0000000000296870 <_TAIL_CALL_GET_LEN>:
 296870: 55 push rbp
 296871: 4d 89 7c 24 38 mov qword ptr [r12 + 0x38], r15
 296876: 41 0f b6 5f 02 movzx ebx, byte ptr [r15 + 0x2]
 29687b: 49 83 c7 02 add r15, 0x2
 29687f: 48 8d 05 ca fd 1e 00 lea rax, [rip + 0x1efdca] # 0x486650 <INSTRUCTION_TABLE>
 296886: 48 8b 2c d8 mov rbp, qword ptr [rax + 8*rbx]
 29688a: 49 8b 7d f8 mov rdi, qword ptr [r13 - 0x8]
 29688e: 4d 89 6c 24 40 mov qword ptr [r12 + 0x40], r13
 296893: e8 98 27 ea ff call 0x139030 <PyObject_Size>
 296898: 4d 8b 6c 24 40 mov r13, qword ptr [r12 + 0x40]
 29689d: 49 c7 44 24 40 00 00 00 00 mov qword ptr [r12 + 0x40], 0x0
 2968a6: 48 85 c0 test rax, rax
 2968a9: 78 28 js 0x2968d3 <_TAIL_CALL_GET_LEN+0x63>
 2968ab: 48 89 c7 mov rdi, rax
 2968ae: e8 cd 7e eb ff call 0x14e780 <PyLong_FromSsize_t>
 2968b3: 48 85 c0 test rax, rax
 2968b6: 74 1b je 0x2968d3 <_TAIL_CALL_GET_LEN+0x63>
 2968b8: 49 89 45 00 mov qword ptr [r13], rax
 2968bc: 49 83 c5 08 add r13, 0x8
 2968c0: 41 0f b7 07 movzx eax, word ptr [r15]

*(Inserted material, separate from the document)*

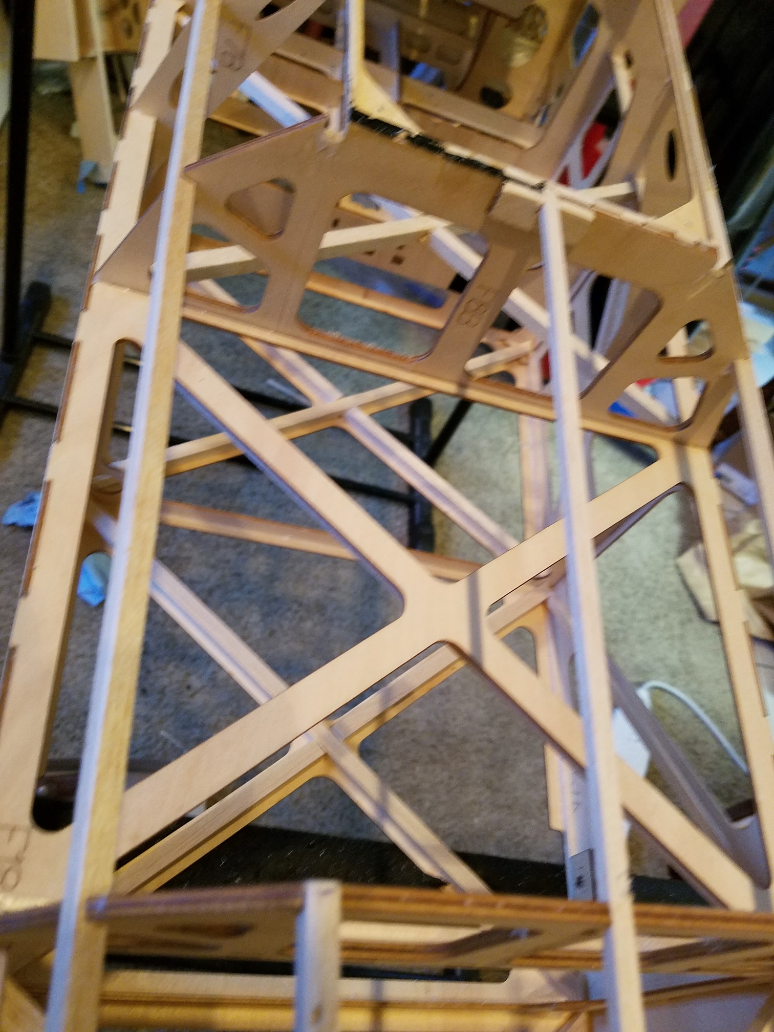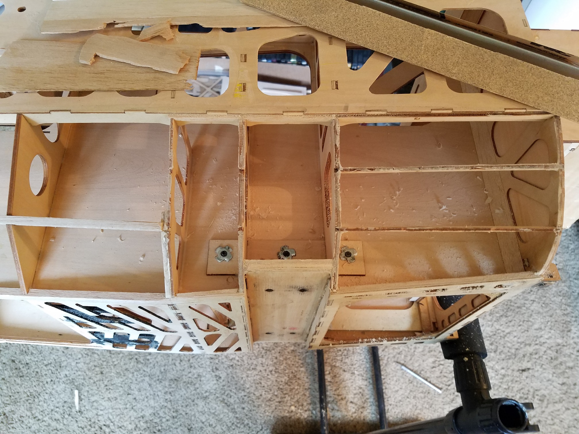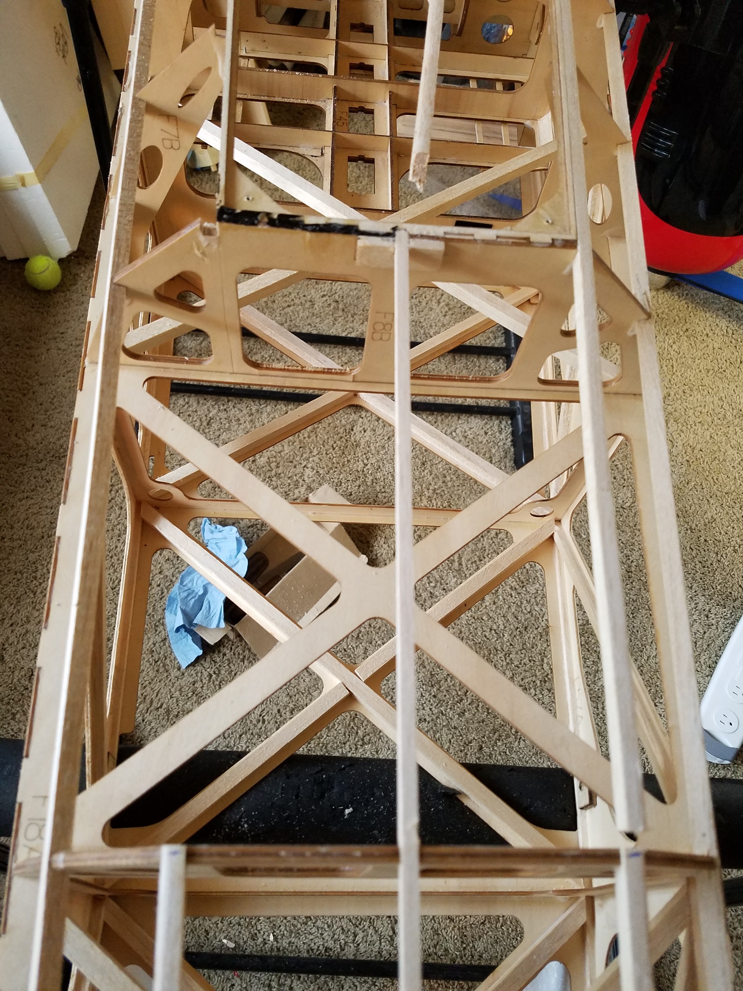 My plan is to get the bad sections of forward fuse sheeting and the fin sheeting replaced/repaired in the next couple of days. Then go over the fuse one more time before I do the final clean up before the covering. Then on to stripping the wings/ailerons, stabs/elevators and rudder. One other thing I will need to address is the firewall. This plane was set up for devoted IMAC flying. Hence, the thrust angles on the firewall are completely wrong for me and will have to be changed. Right now it has way too much down thrust and way too much right thrust. I am going to remove the firewall, reset the angles to "0" down thrust and 1.5-2.0 degrees right thrust.

 2968c4: 89 c7 mov edi, eax
 2968c6: c1 ef 08 shr edi, 0x8
 2968c9: 38 c3 cmp bl, al
 2968cb: 75 0c jne 0x2968d9 <_TAIL_CALL_GET_LEN+0x69>
 2968cd: 48 89 e8 mov rax, rbp
 2968d0: 5d pop rbp
 2968d1: ff e0 jmp rax
 2968d3: 5d pop rbp
 2968d4: e9 c7 ce f0 ff jmp 0x1a37a0 <_TAIL_CALL_error>
 2968d9: 0f b6 c0 movzx eax, al
 2968dc: 48 8d 0d 6d fd 1e 00 lea rcx, [rip + 0x1efd6d] # 0x486650 <INSTRUCTION_TABLE>
 2968e3: 5d pop rbp
 2968e4: ff 24 c1 jmp qword ptr [rcx + 8*rax]
 2968e7: 66 0f 1f 84 00 00 00 00 00 nop word ptr [rax + rax]

and bigger ops are stashing the original next opcode on the stack for later comparison.